*Dataset:*

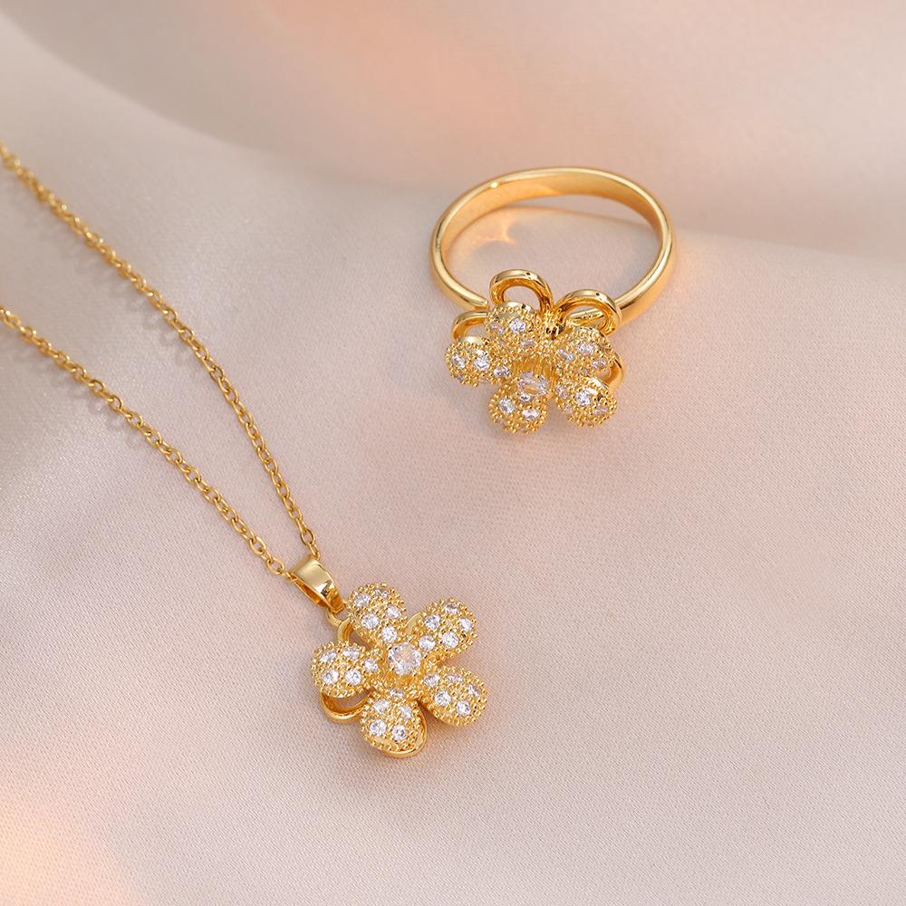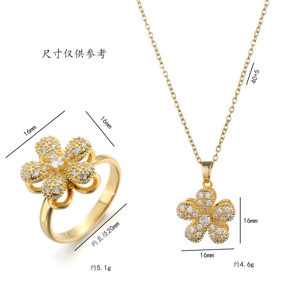 X0756 flower zircon necklace, J0252 flower zircon ring, Steel color cross chain
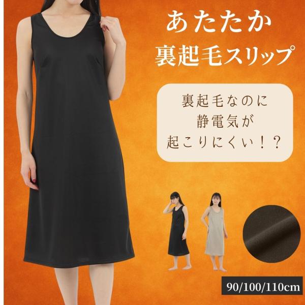 スリップ 裏起毛 ペチコート ワンピース 裏起毛 制電 ラン型 暖かい あたたかい 冬 冬用 防寒 静電気防止 透け防止 日本製 丈90cm、100cm、110cm M L
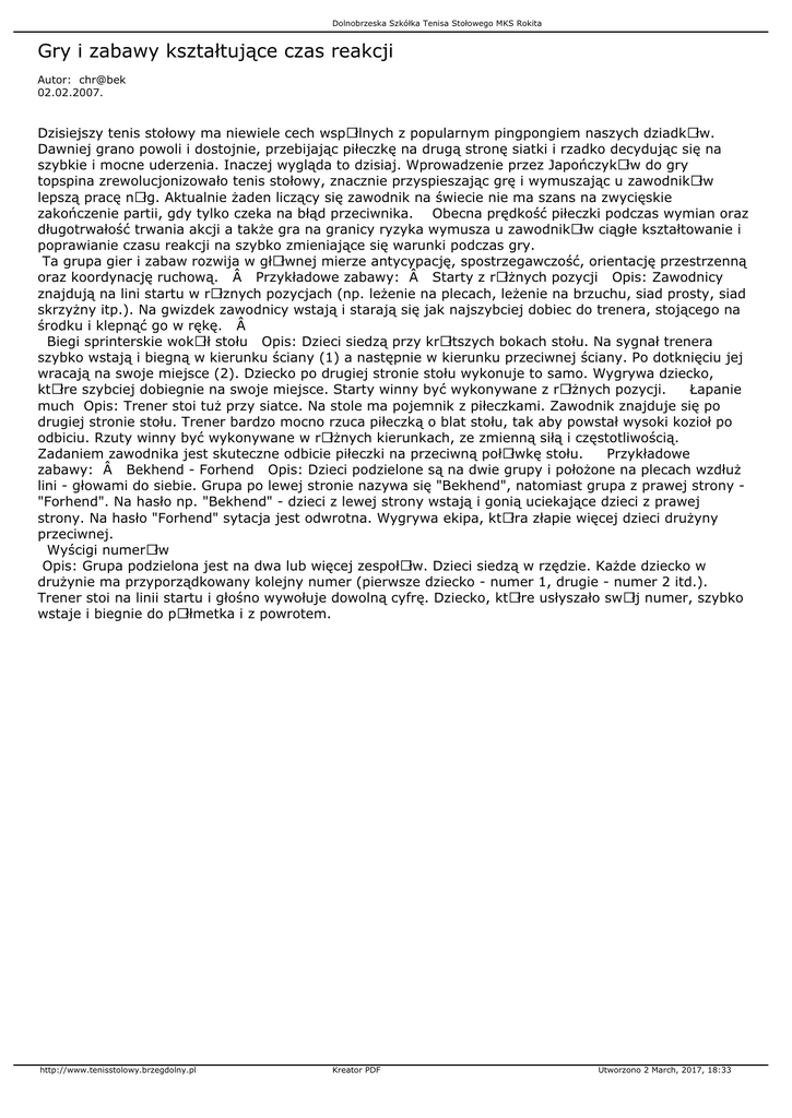 Dolnobrzeska Szkółka Tenisa Stołowego MKS Rokita Gry i zabawy kształtujące czas reakcji Autor: chr@bek 02.02.2007. Dzisiejszy tenis stołowy ma niewiele cech wspÃłlnych z popularnym pingpongiem naszych dziadkÃłw. Dawniej grano powoli i dostojnie, przebijając piłeczkę na drugą stronę siatki i rzadko decydując się na szybkie i mocne uderzenia. Inaczej wygląda to dzisiaj. Wprowadzenie przez JapończykÃłw do gry topspina zrewolucjonizowało tenis stołowy, znacznie przyspieszając grę i wymuszając u zawodnikÃłw lepszą pracę nÃłg. Aktualnie żaden liczący się zawodnik na świecie nie ma szans na zwycięskie zakończenie partii, gdy tylko czeka na błąd przeciwnika. Obecna prędkość piłeczki podczas wymian oraz długotrwałość trwania akcji a także gra na granicy ryzyka wymusza u zawodnikÃłw ciągłe kształtowanie i poprawianie czasu reakcji na szybko zmieniające się warunki podczas gry. Ta grupa gier i zabaw rozwija w głÃłwnej mierze antycypację, spostrzegawczość, orientację przestrzenną oraz koordynację ruchową.  Przykładowe zabawy:  Starty z rÃłżnych pozycji Opis: Zawodnicy znajdują na lini startu w rÃłznych pozycjach (np. leżenie na plecach, leżenie na brzuchu, siad prosty, siad skrzyżny itp.). Na gwizdek zawodnicy wstają i starają się jak najszybciej dobiec do trenera, stojącego na środku i klepnąć go w rękę.  Biegi sprinterskie wokÃłł stołu Opis: Dzieci siedzą przy krÃłtszych bokach stołu. Na sygnał trenera szybko wstają i biegną w kierunku ściany (1) a następnie w kierunku przeciwnej ściany. Po dotknięciu jej wracają na swoje miejsce (2). Dziecko po drugiej stronie stołu wykonuje to samo. Wygrywa dziecko, ktÃłre szybciej dobiegnie na swoje miejsce. Starty winny być wykonywane z rÃłżnych pozycji. Łapanie much Opis: Trener stoi tuż przy siatce. Na stole ma pojemnik z piłeczkami. Zawodnik znajduje się po drugiej stronie stołu. Trener bardzo mocno rzuca piłeczką o blat stołu, tak aby powstał wysoki kozioł po odbiciu. Rzuty winny być wykonywane w rÃłżnych kierunkach, ze zmienną siłą i częstotliwością. Zadaniem zawodnika jest skuteczne odbicie piłeczki na przeciwną połÃłwkę stołu. Przykładowe zabawy:  Bekhend - Forhend Opis: Dzieci podzielone są na dwie grupy i położone na plecach wzdłuż lini - głowami do siebie. Grupa po lewej stronie nazywa się "Bekhend", natomiast grupa z prawej strony "Forhend". Na hasło np. "Bekhend" - dzieci z lewej strony wstają i gonią uciekające dzieci z prawej strony. Na hasło "Forhend" sytacja jest odwrotna. Wygrywa ekipa, ktÃłra złapie więcej dzieci drużyny przeciwnej. Wyścigi numerÃłw Opis: Grupa podzielona jest na dwa lub więcej zespołÃłw. Dzieci siedzą w rzędzie. Każde dziecko w drużynie ma przyporządkowany kolejny numer (pierwsze dziecko - numer 1, drugie - numer 2 itd.). Trener stoi na linii startu i głośno wywołuje dowolną cyfrę. Dziecko, ktÃłre usłyszało swÃłj numer, szybko wstaje i biegnie do pÃłłmetka i z powrotem. http://www.tenisstolowy.brzegdolny.pl Kreator PDF Utworzono 2 March, 2017, 18:33
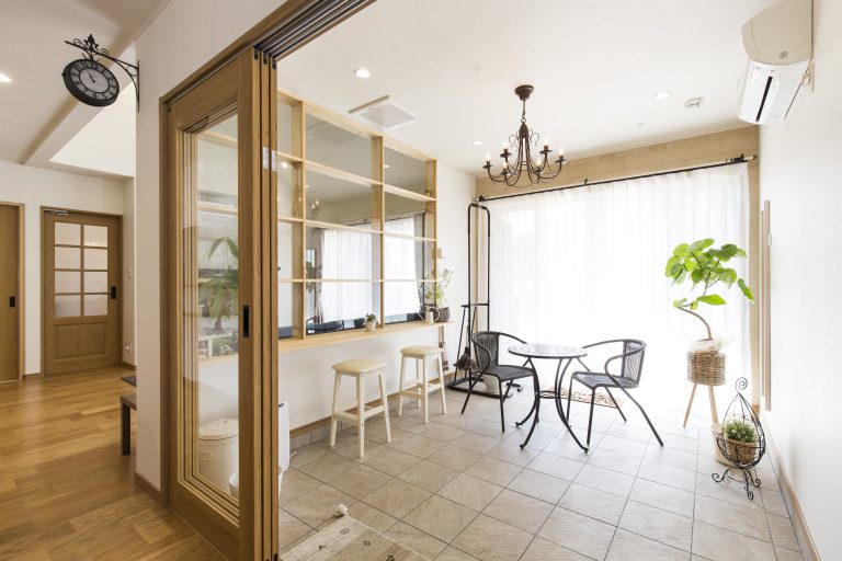 家の外のスペースでは奥様が世話をしたガーデニングを眺めながら、家の中のスペースも広く取ってあるため、お気に入りのプランターで植物が飾れます。ダイニングやリビングで過ごす休日ももちろんよいですが、家の中にいながらも外でお茶を楽しんでいるような気分にさせてくれるスペースがあれば、心のゆとりに繋がるでしょう。
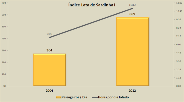 Em 2012, mesmo com a alteração na lei que rege o limite de passageiros nos ônibus comuns, passando de 65 para 75 o limite de passageiros, cada ônibus pode ficar circulando lotado por mais de onze horas, um aumento de 60% no índice “Lata de Sardinha”, reduzindo drasticamente a possibilidade de um cidadão encontrar um ônibus que não esteja lotado, com tarifa majorada acima da inflação, extrapolando os lucros dos donos do sistema de transporte.
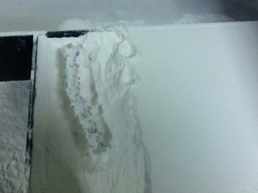 打印前,先将右槽的粉铲入左槽,慢慢降低左槽(同时升高右槽),再抹平表面。打印时左边槽升高、右边槽降低,一边把粉一层一层吹过去,一边上胶。打印的时间取决于产品体积大小。图2-35是打印完毕后用铲子挖开周边的样子。刚打印出来的产品很脆,很容易损坏。
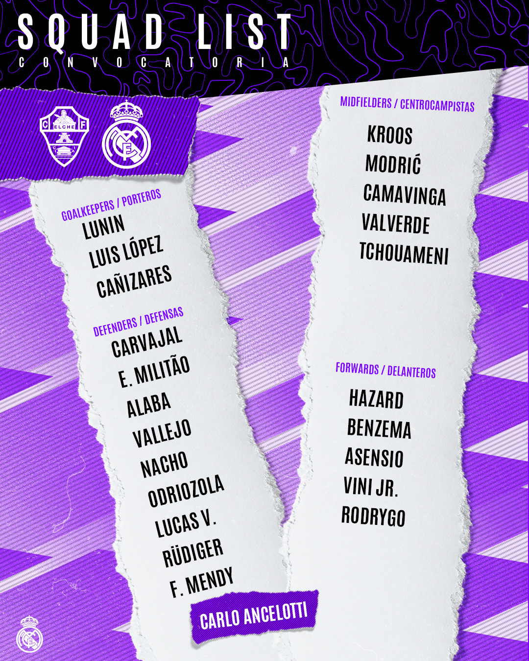 XI REAL MADRID: Lunin; Mendy, Rudiger, Militao, Lucas; Kroos, Tchouameni, Camavinga; Asensio, Benzema, Rodrygo.

*Exercise brief:*
With pictures removed, write out exactly each line of the entries from the first through the line that holds "スリップ 裏起毛 ペチコート".

*Response below:*
 X0756 flower zircon necklace, J0252 flower zircon ring, Steel color cross chain
 スリップ 裏起毛 ペチコート ワンピース 裏起毛 制電 ラン型 暖かい あたたかい 冬 冬用 防寒 静電気防止 透け防止 日本製 丈90cm、100cm、110cm M L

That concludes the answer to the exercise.